Amiero was suffering in health, and all the original officers in the crew were transferred to other squadrons or duties. Any crew that came together for missions was a "pick-up" crew that included any spare officers or gunners. When he returned to duty from the hospital, Amiero, with new officers and a few original gunners flew at least 20 missions.

On March 6, 1944, the aircraft, Amiero, and a crew hastily-assembled, were to bomb the industrial complex outside Berlin, Germany. Over the target, the formation was attacked by numerous German aircraft. Raked by machine gun and cannon fire, the aircraft was severely damaged. The tail gunner was mortally wounded, and pulled from his position by other gunners. One of them volunteered to man the tail gun position.

A vicious explosion racked the crippled aircraft, and the tail assembly fell off. The new tail gunner "fluttered" to earth in his position. The Germans pulled him from the wreckage, alive but with severe injuries. He was in a hospital for almost a year before he was sent to a POW camp. He was the only survivor.

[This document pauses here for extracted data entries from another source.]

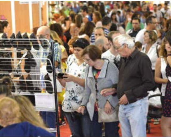
▲ La última edición de 'Sansestock' sigue sumando.

'Sansestock 2016' ha batido el récord de asistencia con 27.380 visitantes de más de 30 poblaciones.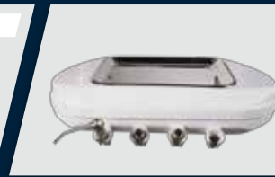
Terminal extra para alta rotação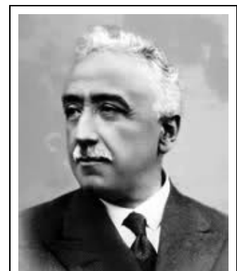
Niceto Alcalá Zamora 1880-1949

Begin april was het zover en werd Alcalá Zamora weggestemd via een uiterst merkwaardige procedure. In de grondwet was vastgelegd dat een president de bevoegdheid had om twee keer tijdens zijn ambtsperiode het parlement te ontbinden, maar dat het parlement na de tweede keer zelf mocht onderzoeken of dat op legitieme wijze was gebeurd. Wanneer zij tot de conclusie zou komen dat de ontbinding illegitiem was, dan kon het parlement de president onmiddellijk wegstemmen.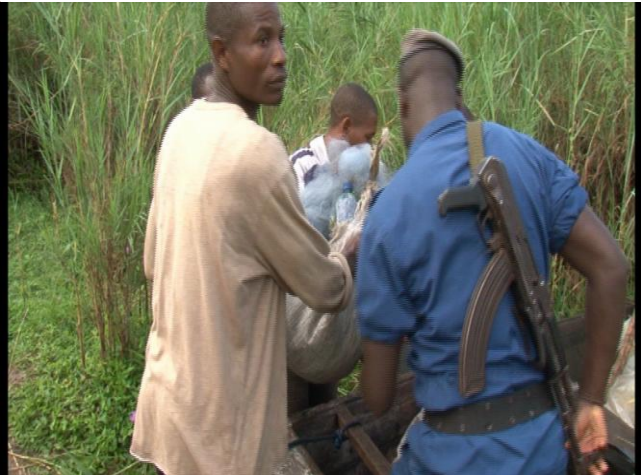
Photo : les forces de l'ordre en collaboration avec les membres des comites dans la lutte contre les engins illégaux de pêche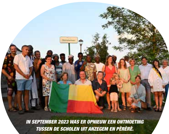
IN SEPTEMBER 2023 WAS ER OPNIEUW EEN ONTMOETING TUSSEN DE SCHOLEN UIT ANZEGEM EN PÈRÈRÈ.

The dead were recovered from the wreckage which fell near Uptloh, Germany. Evidently, they were buried locally, because after the war ended, they were retrieved and moved to other cemeteries. Lt Amiero now lies in the Ardennes American Cemetery in Belgium in Plot D, Row 11, Grave 7.
U Census 1920


Lt Albert F. Amiero was performing duty as First Pilot on B-17G # 42-31731, unnamed, assigned to the 349th Bomb Squadron.

Missing Air Crew Report 3019 applies to this loss. Crew rosters and mission logs show the crew aboard as:

1 Lt Albert F. Amiero  p
F/O Howard L. Kilmer  c-p
2 Lt Albert P. Rule  nav
SSgt Thomas S. Elliott  togg
TSgt Russell G. Gilbert  eng/tt gun
TSgt John J. Kovacs  r/o
SSgt Virgil F. Summers  btg
SSgt Hobart H. Spires  wg
SSgt Owen D, Stockton  wg
SSgt Thomas D. Baer  tail gun

Ranks and grades as of mission date. Sources state Amiero was promoted to Captain, but no confirmation has been found. (Headstone states 1 Lt.)

SSgt Stockton was the only survivor.